What is a lease?
According to the Civil Code. art. 1709: The hiring of things is a contract by which one of the parties obliges himself to make the other enjoy a certain time, and for a certain price which the latter obliges to pay him. The person who obliges himself to confer the enjoyment of the thing is called “lessor”, while the person who takes the thing in rental is called “lessee” or “tenant”.
- The lease is a contract:
- For a fee. This is essential. In the absence of a price, there is no lease.
- Synallagmatic. The lease gives rise to rights and obligations on the part of each party.
- With successive services. The fulfillment of the obligations arising from the lease is staggered over time.
- Temporary. The lease cannot be concluded on a perpetual basis. The parties may
nevertheless agree that the duration of the lease will be equivalent to the “survival” of the tenant.
This type of lease is governed by the provisions of the law of April 13, 1997.
- Non intuitu personae.
Unless otherwise stipulated, the lease is not concluded according to the person of the lessor or the lessee. The consequence of this principle is in particular that the tenant can assign his right (unless otherwise stipulated) and that the death of one of the parties does not terminate the contract.
Oral or written lease
Article 1714 C.C. states succinctly: “You can praise in writing or verbally”
The written lease
If written there is, it can be either authentic or under private signature. It is imperative to comply with the requirements of Article 1325 C.C.
It is necessary :
- as many copies as there are parts
- mention of the number of copies drafted and signed
- issue of a copy to each party
Warning: The following leases must be written:
- Principal residence lease (law of April 12, 2007)
- Lease for rooms intended for the accommodation of one or more students (article 1714bis of the C.C. inserted by the law of April 12, 2007)
The verbal lease
A verbal lease is a lease made without writing, but also a writing that does not meet the conditions of article 1325 C.C.
Any written lease must be presented for registration within 4 months of its conclusion. This compulsory tax formality is jointly and severally incumbent on all parties. However, conventionally, the charge and the cost of this registration can be attributed to one or the other party, without however that this charge can not be opposed to the tax authorities who in turn have a joint action against all the parties. signatories of said written lease.
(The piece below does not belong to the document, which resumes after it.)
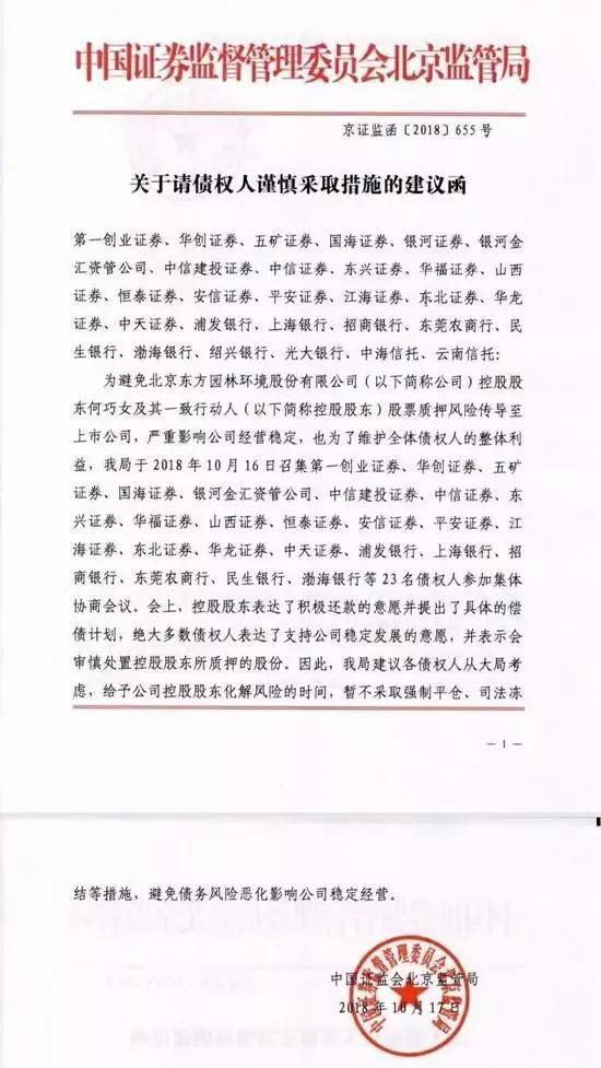 2018年10月16日,北京市证监局召集第一创业证券、浦发银行等23名债权人参加集体协商会议,这是北京地方金融监管部门首次为一家上市公司的财务情况组织债权人会议。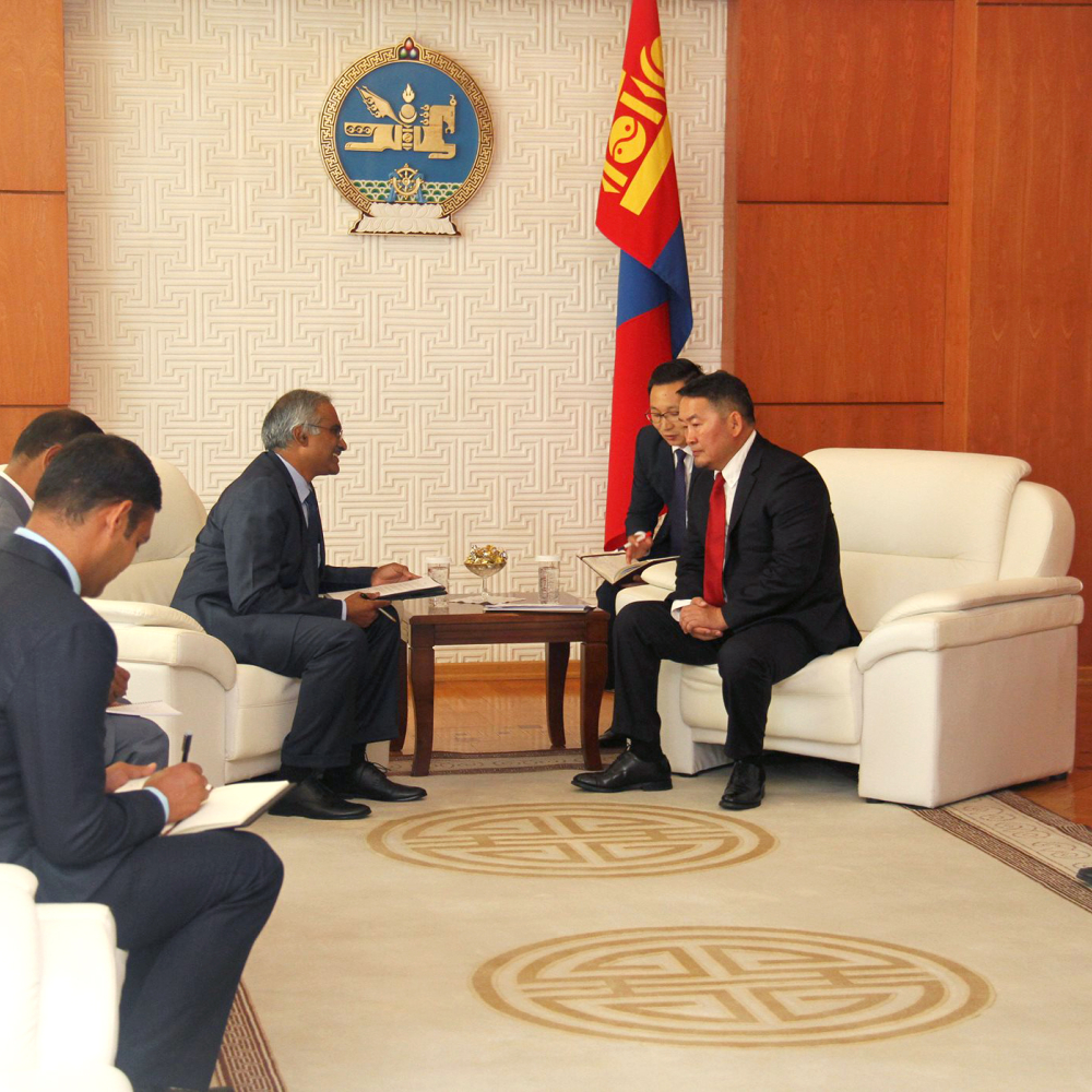 Уулзалтын эхэнд Элчин сайд Суреш Бабу Монгол Улсын Ерөнхийлөгч Х.Баттулгад БНЭУ-ын Ерөнхийлөгч Пранаб Мукержи, Ерөнхий сайд Нарендра Моди нарын илгээсэн талархлын захидлыг гардуулан өгсөн юм.

The registration fee is generally set at 2/1000 (0.2%) of the gross amount of the rent over the entire lease period. Beyond the strictly fiscal aspect of this obligation, the indirect civil consequences of registration should be emphasized. On the one hand, registration is a way of giving a certain date to the written lease, thus making this document enforceable against third parties. On the other hand, the lessor also has a fiscal interest in registering the written lease agreement, in the event of a mixed rental (partially professional, partially private), because the breakdown of the rent for tax purposes will not be taken into consideration by the tax authorities, only on the express condition that a written and registered lease expressly reproducing this breakdown in figures has been established by the parties.
It should also be noted that the enforceability of a lease of more than 9 years or containing a receipt of at least three years of rent is subject to the transcription of said written lease, at the mortgage conservation office. In the absence of transcription, the said lease, which remains perfectly valid between the parties, will nevertheless see its duration reduced to 9 years vis-à-vis protected third parties.